Fed Fires Bazooka Just As Implied Correlation Hits Systemic Crisis Levels
With so many talking heads claiming the 20%-plus drop in stocks and VIX’s jump back above 60 as a sure-fire indication that the market is in chaos and needs much more Fed help stat, we remind readers that VIX reflects a contemporaneous premium for up/down movements in the future offering little insight into downside risk per se and more reflective of a regime shift in market volatility – i.e. a rising VIX means market participants expect the markets to move around more (up and/or down).
The market is actually demanding over 90bps of rate-cuts now!
However, there is a cleaner (and smoother – less spike-and-decay-like) way of judging the level of concern in trader’s heads.

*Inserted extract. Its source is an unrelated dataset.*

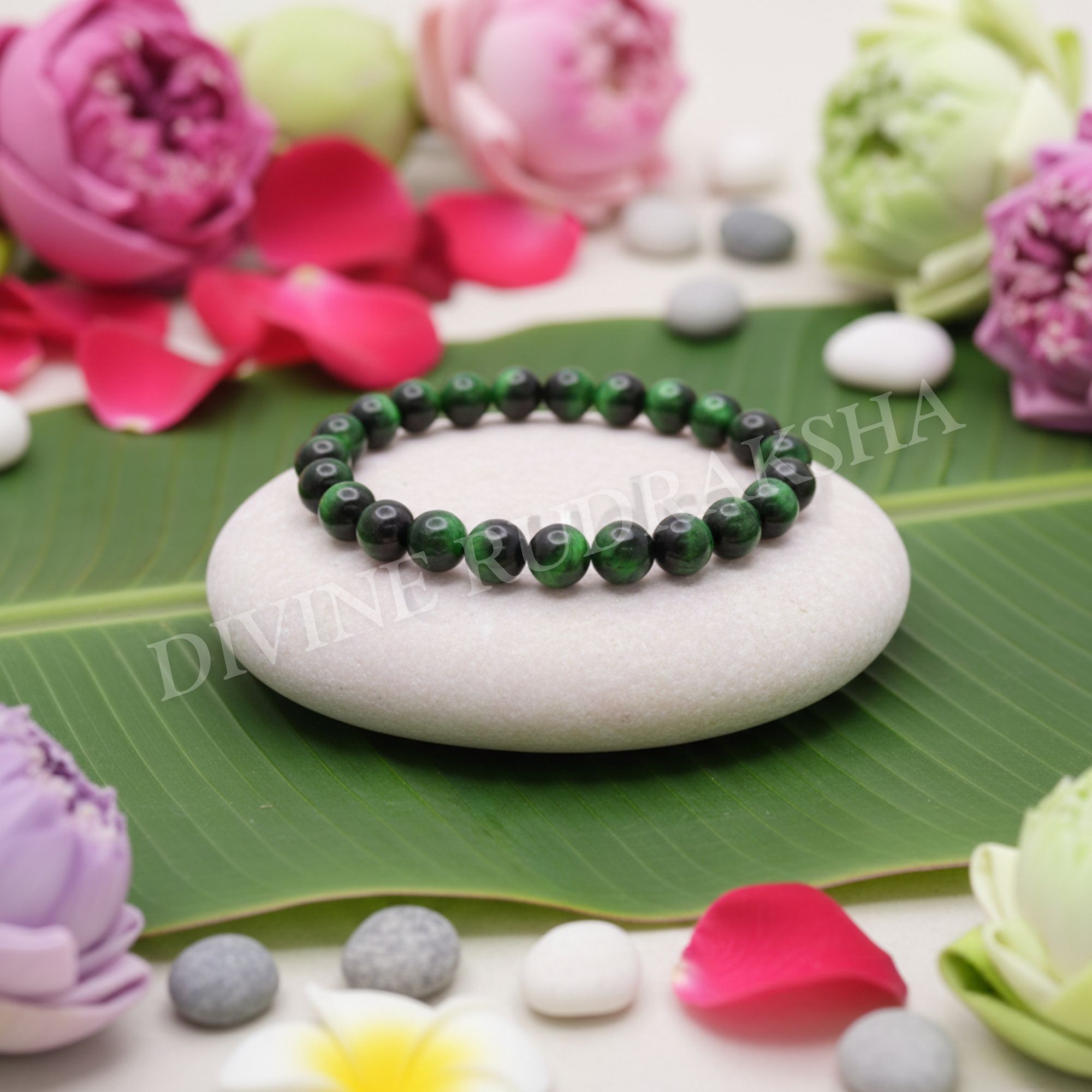 Green Tiger Eye stone is believed to enforce mental strength and protects the wearer from surrounding pressure and expectations, as well as bestows strength & courage to move forward in life. Green Tiger Eye wrist band can help in your character development and at the same time, can enhance your personal will. Also, it can help in fulfilling your desires and plans. It gives you the courage and inspiration to make your space in society. It adds stability, relaxation and fun to life.

The implied correlation, a topic we have discussed in the past at length, quantifies the difference between the index’s volatility and the summation of the underlying volatility of the names in an index. In a nutshell, the implied correlation measures the relative demand for instant liquid index macro protection relative to its underlying names (a slower less liquid way to protect yourself). The higher the correlation, the greater the risk of a very significant systemic downside move (since correlations tend to approach 1 when systemically bad events occur).
By implicitly measuring the market’s demand for this relative protection – and its implicit downside risk sentiment – implied correlation is much more applicable as a measure of investor sentiment.
Currently, implied correlation is rising rapidly – exploding back above 80 – signaling that this is the first systemic event since the European crisis, and is actually accelerating faster (worsening more aggressively) than during the Lehman crisis.
At each of those previous crises, The Fed stepped in by unleashing unlimited (and highly opaque) FX swap lines with the world’s central banks to flood the world with dollars.
We suspected, given the current dollar liquidity crisis, that we would see The Fed announce these swap lines imminently. But the moment we finished preparing this post, The Fed unleashed its biggest bailout yet with $4 trillion of cumulative repo liquidity.